The family, despite their socio-economic vulnerability, complained to the police. The alleged perpetrator, Uduwila Sujatha thera, was a monk of some substance (by 2019, he was the chief monk-leader of North and East - pradhana sangha nayaka - and ran a dhamma school for children, according to Facebook). While the child-victim was giving his statement to the police, the monk walked in, according to the Appeal Court judgement, an obvious display of power-play. When the investigating official was asked by the high court judge whether there was pressure on him, he admitted that there was pressure by the monk to settle the case out of court.

So, though the crime was committed in August 2009, the case did not begin till 2022, when the child-victim of 9 was a young man of 22. Fortunately, the police, despite pressure, had completed the investigation, so key pieces of evidence such as the statement of the judicial medical officer, who examined the victim within weeks of the crime, was available. He testified that “there was a severe injury to the child’s anal region and that the physical findings, together with the medical history, were consistent with recent anal penetration” ((https://courtofappeal.lk/wp-content/uploads/judgements/HCC-210-23-new.pdf).

How that child dealt with his trauma, his broken childhood, what mental agony and social opprobrium he had to experience as he waited for justice would remain unknown. Though justice was delayed, it was not denied. The High Court found the monk guilty and sentenced him to 10 years in 2023. In May 2026, the Appeal Court upheld the decision.

Now that Uduwila Sujatha is a convicted paedophile, what will his nikaya (Siam Nikaya) do? Will the chief prelates follow the example of the Buddha and de-robe him? Or will they continue with their Chinese Monkey act of See no child-abuse, hear no child-abuse, speak no child-abuse?

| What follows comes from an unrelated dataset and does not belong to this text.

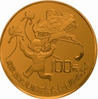 用纯金材质打造“放风筝的女童”金币画面,就更形象更具体,也更具有说服力。金是什么?金是一天阳光,或三月的明媚,或九月的艳丽。这阳光如金色的轻纱,满满实实,披在中国女童的脸上,身上,心中。幸福感觉因此满币面流溢。币面设计风格,也是一个“满”字,放飞风筝的女童,放飞天空的风筝,“国际拯救儿童基金会成立七十周年纪念”字样,以及“100元”面额,把直径只有23毫米的尺幅,撑得严严实实,这也恰恰符合主题的表达——中国,是成功拯救儿童的典范。虽“满”到严实,也不显得拥挤,设计师独到眼光,繁处繁杂,简处简练,繁简结合,恰到好处。

Now that Uduwila Sujatha is a convicted paedophile, what will the authorities do? Paedophilia is not a natural expression of passion/lust but a psychiatric disorder. Will the authorities issue an order banning the convicted-monk from working with children? Or will the Government, too, do a Chinese Monkey, enabling the convicted paedophile to return to his temple and his religious school for children once he is out of prison, age permitting?

A distinct possibility. After all, last month, while the Pallegama Hemaratana child rape drama was at its zenith, President Anura Kumara Dissanayake and Prime Minister Harini Amarasuriya sent felicitation messages for the 80th birthday celebrations of Pahalagama Somaratana, a convicted child rapist who spent several years in a British jail for his crime and is now lording it over a pirivena (a school for novice monks) in Gampaha.

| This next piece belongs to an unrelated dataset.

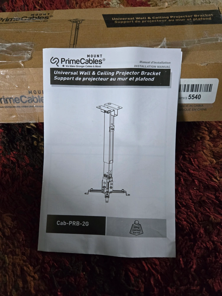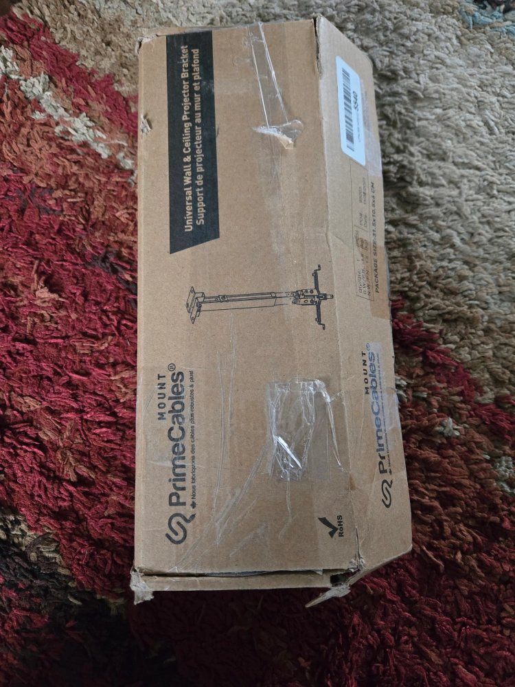 Universal wall and ceiling projector bracket, new in box. Includes instructions and mounting hardware.

According to the police, also in the month of May, a monk was arrested for sexually abusing a 15-year-old child (who was also the daughter of his brother) and a Mawlawi (a Muslim cleric) was arrested for raping a 14-year-old child.

Minister of Justice Harshana Nanayakkara, during a recent television interview, claimed that child abuse is a bigger crime in Sri Lanka than murder or theft.

The question is what are he and his Government going to do about it?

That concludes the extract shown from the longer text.